Indeed, the Ryder Cup is barely recognisable from 20 years ago when Great Britain and Ireland were defeated 21-11 at Laurel Valley in Pennsylvania. Then you could have walked the course without finding any difficulty in observation. Only small groups followed the matches. A golf enthusiast who had taken a week off to serve as the driver of a courtesy car, actually posed the question: "Tell me, what is the Ryder Cup?"

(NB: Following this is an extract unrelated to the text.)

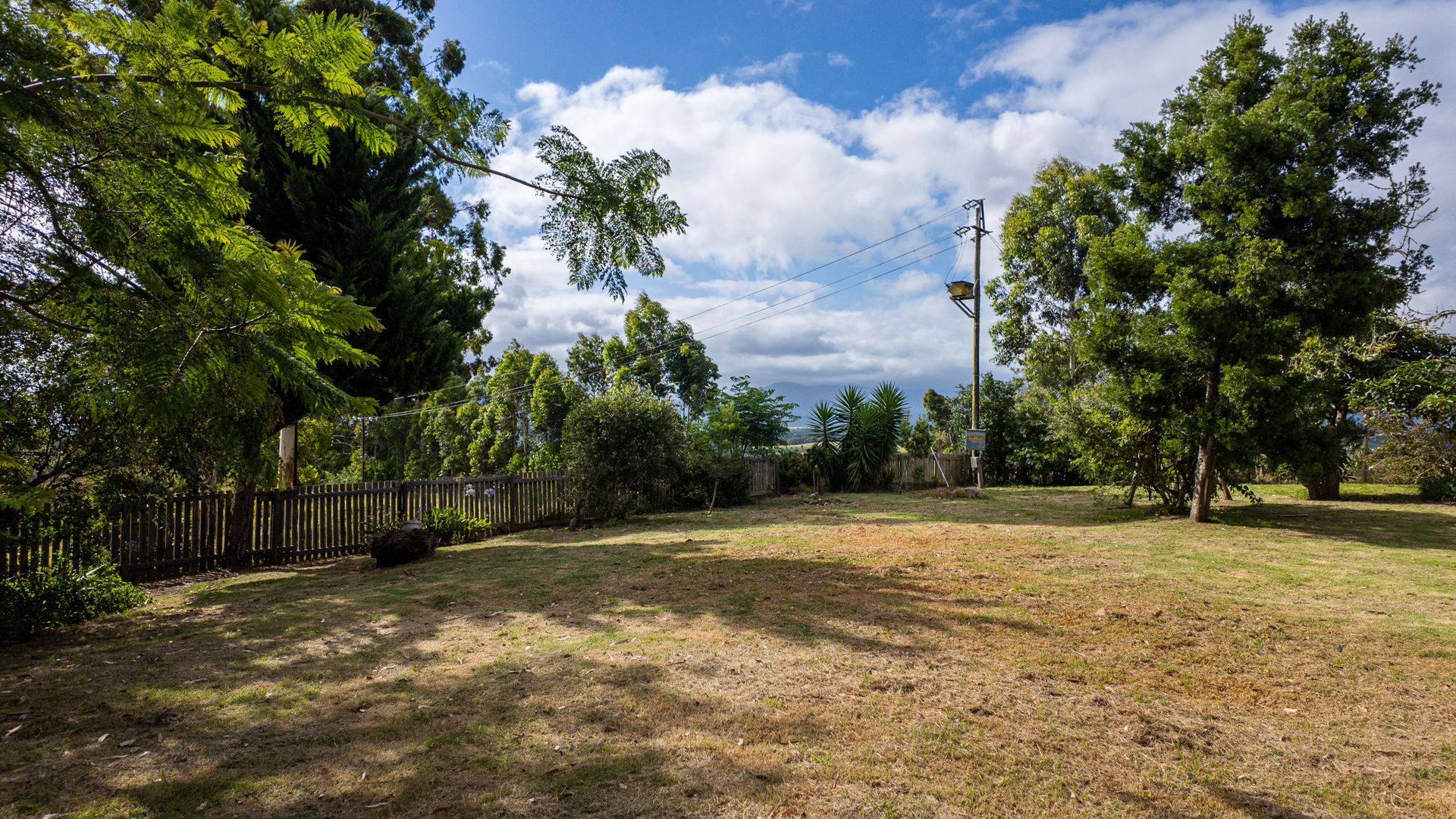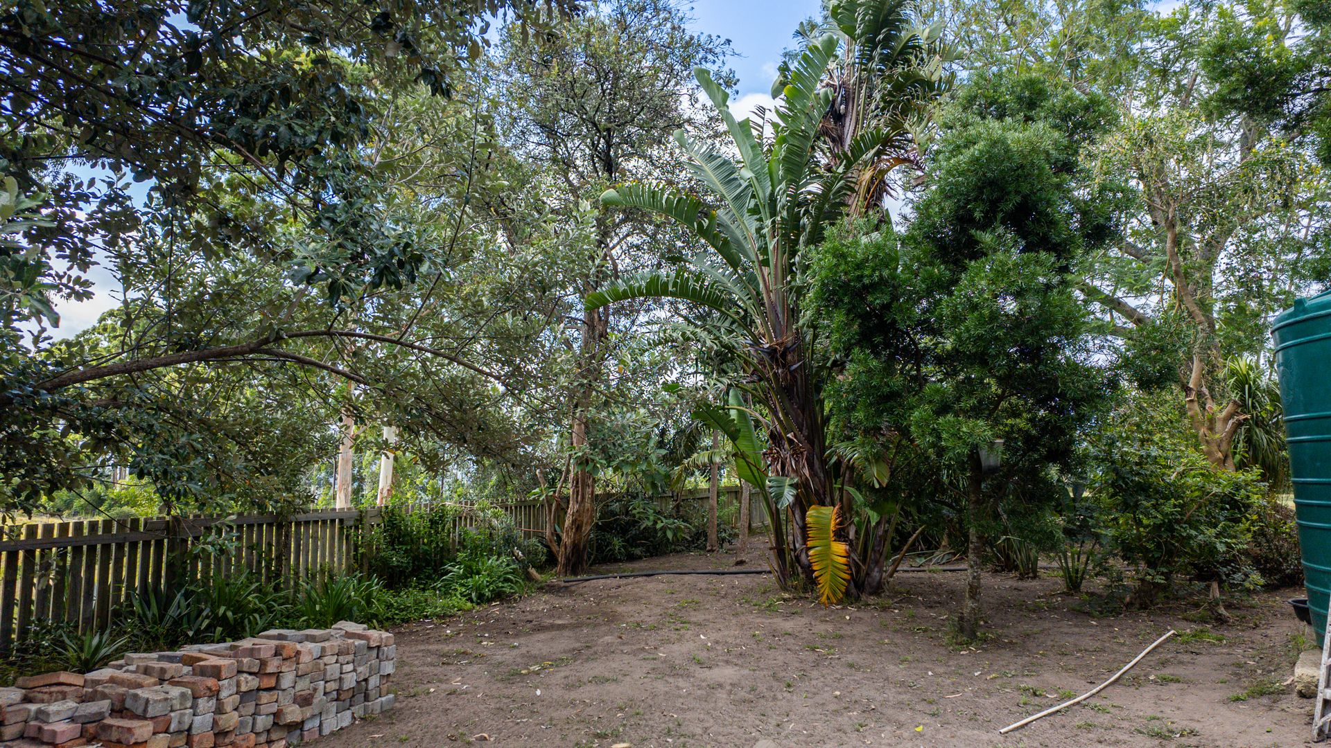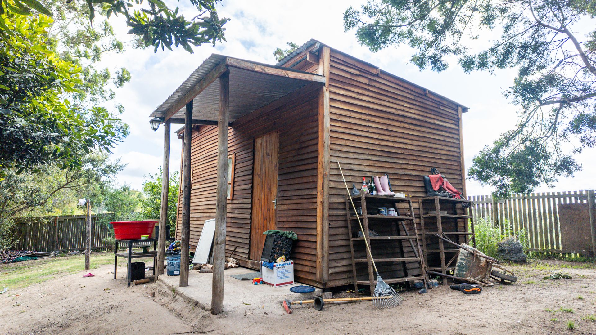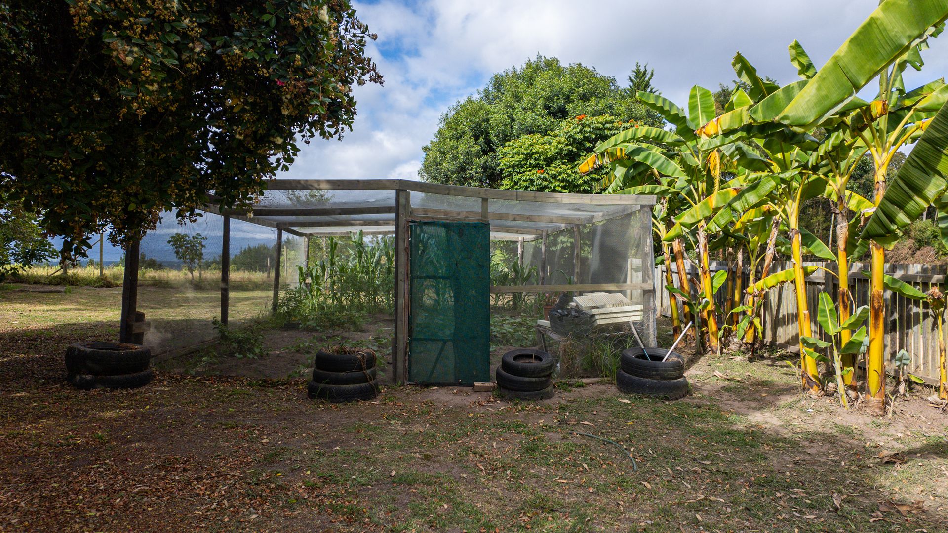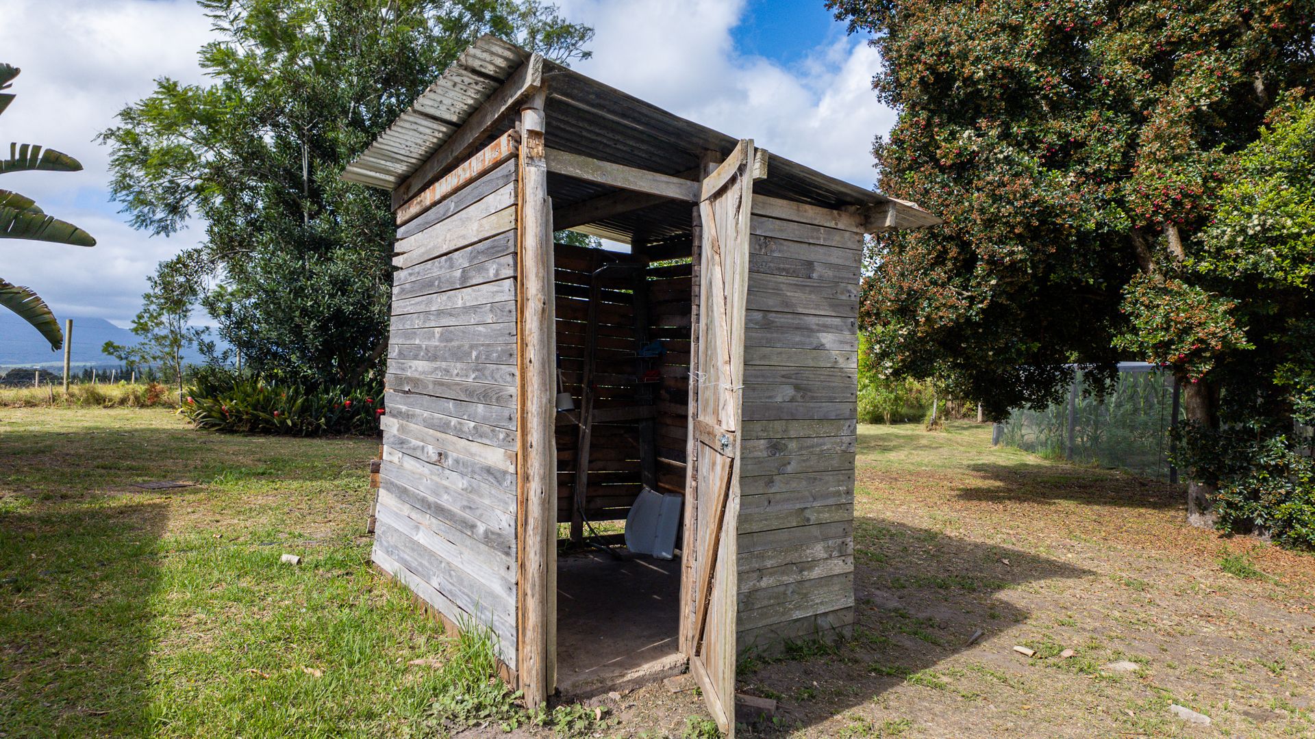 Close to the house, you’ll find a quaint rustic outdoor bathroom and a netted veggie patch tucked into the corner of the property. Large established trees, shrubs, and a collection of fruit trees frame the garden beautifully, creating a natural, inviting setting.

Press facilities were of the barest. A few small tables, no television, no leaderboard. As I remember it, all but two of maybe a dozen reporters were British. A common assumption was that the US players were taking a week's rest from the tour. Hardly referred to in print, the Ryder Cup was dismissed as a quaint anachronism. Even when Brian Barnes saw off Jack Nicklaus twice in the singles, only the British got excited. "Guess Jack couldn't concentrate," an American bystander said. "Next week he'll be back to the real business."

As Wadkins stressed this week, that was far from being the true nature of things. "All the players who had taken part in the Ryder Cup, guys like Sam Snead, Ben Hogan and Tommy Bolt, would speak about it," he said. "They all had stories and I grew up with wanting to play a part. There's a lot of pride involved. It's representing your country, a team effort, a great honour."

Recently, some players, including Ballesteros, have complained about the emphasis given to the Ryder Cup in golf reporting. "We're sick and tired of hearing about it," is, more or less, what they have been saying. "The players don't build it up, you people do," Wadkins added. Well you can't have it both ways, Lanny.